I used to use kernel-modules-hook and a hook I myself wrote, kernel-rotate-hook, that would basically try to retain X versions older of kernels and their representing modules to be available, to prevent a “Emergency Mode” boot, and have, basically, fallbacks. But this proved, over time, to actually not be very effective, ultimately and even booting snapshots still just outright failed.
So, I’m looking at new options here. I’m using grub. /boot is ext4, /boot/efi is the usual fat, and / is btrfs with subvolumes as shown in this quick and simple mount table:
/dev/nvme0n1p3 on / type btrfs (rw,noatime,compress=zstd:1,ssd,discard=async,space_cache=v2,subvolid=256,subvol=/@)

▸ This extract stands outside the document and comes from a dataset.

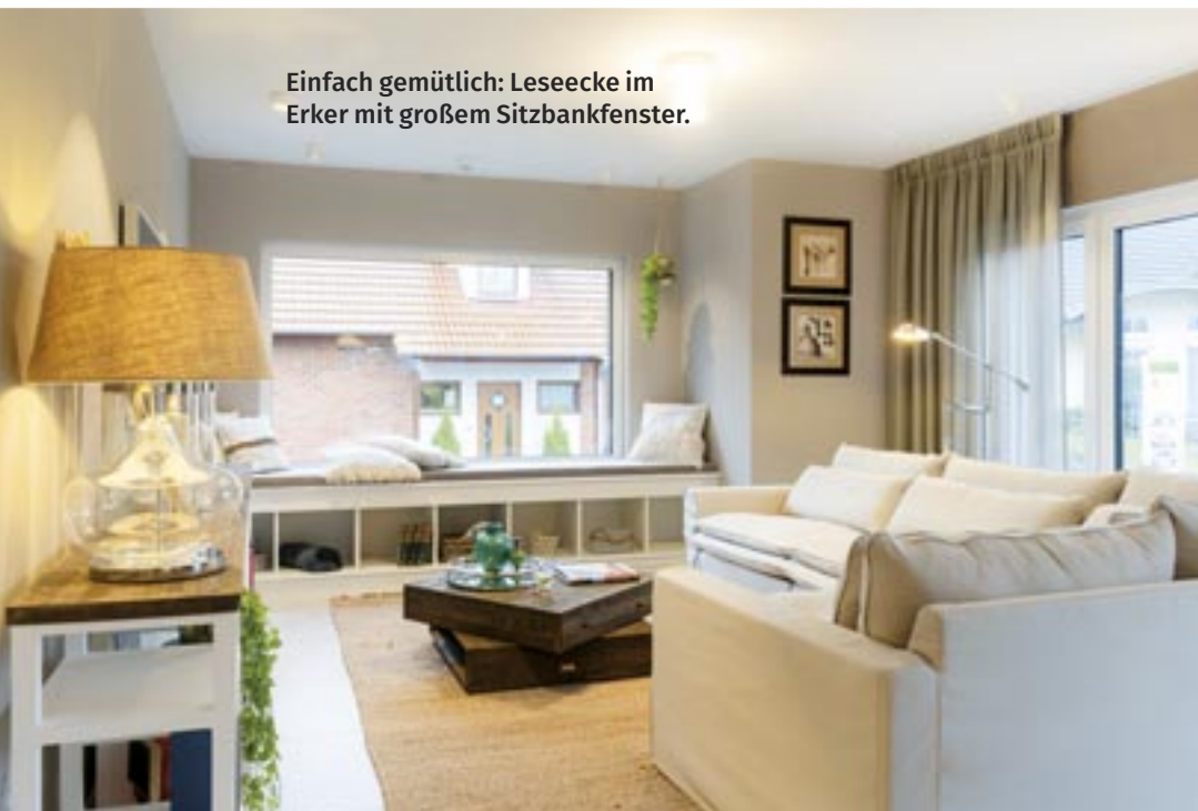
Einfach gemütlich: Leseecke im Erker mit großem Sitzbankfenster.

/dev/nvme0n1p3 on /.snapshots type btrfs (rw,noatime,compress=zstd:1,ssd,discard=async,space_cache=v2,subvolid=272,subvol=/.snapshots)
/dev/nvme0n1p3 on /home type btrfs (rw,noatime,compress=zstd:1,ssd,discard=async,space_cache=v2,subvolid=257,subvol=/@home)
/dev/nvme0n1p3 on /opt type btrfs (rw,noatime,compress=zstd:1,ssd,discard=async,space_cache=v2,subvolid=261,subvol=/@opt)
/dev/nvme0n1p3 on /root type btrfs (rw,noatime,compress=zstd:1,ssd,discard=async,space_cache=v2,subvolid=271,subvol=/@root)
/dev/nvme0n1p3 on /srv type btrfs (rw,noatime,compress=zstd:1,ssd,discard=async,space_cache=v2,subvolid=260,subvol=/@srv)
/dev/nvme0n1p3 on /usr/local type btrfs (rw,noatime,compress=zstd:1,ssd,discard=async,space_cache=v2,subvolid=262,subvol=/@usrlocal)
/dev/nvme0n1p3 on /var/lib/containers type btrfs (rw,noatime,compress=zstd:1,ssd,discard=async,space_cache=v2,subvolid=264,subvol=/@containers)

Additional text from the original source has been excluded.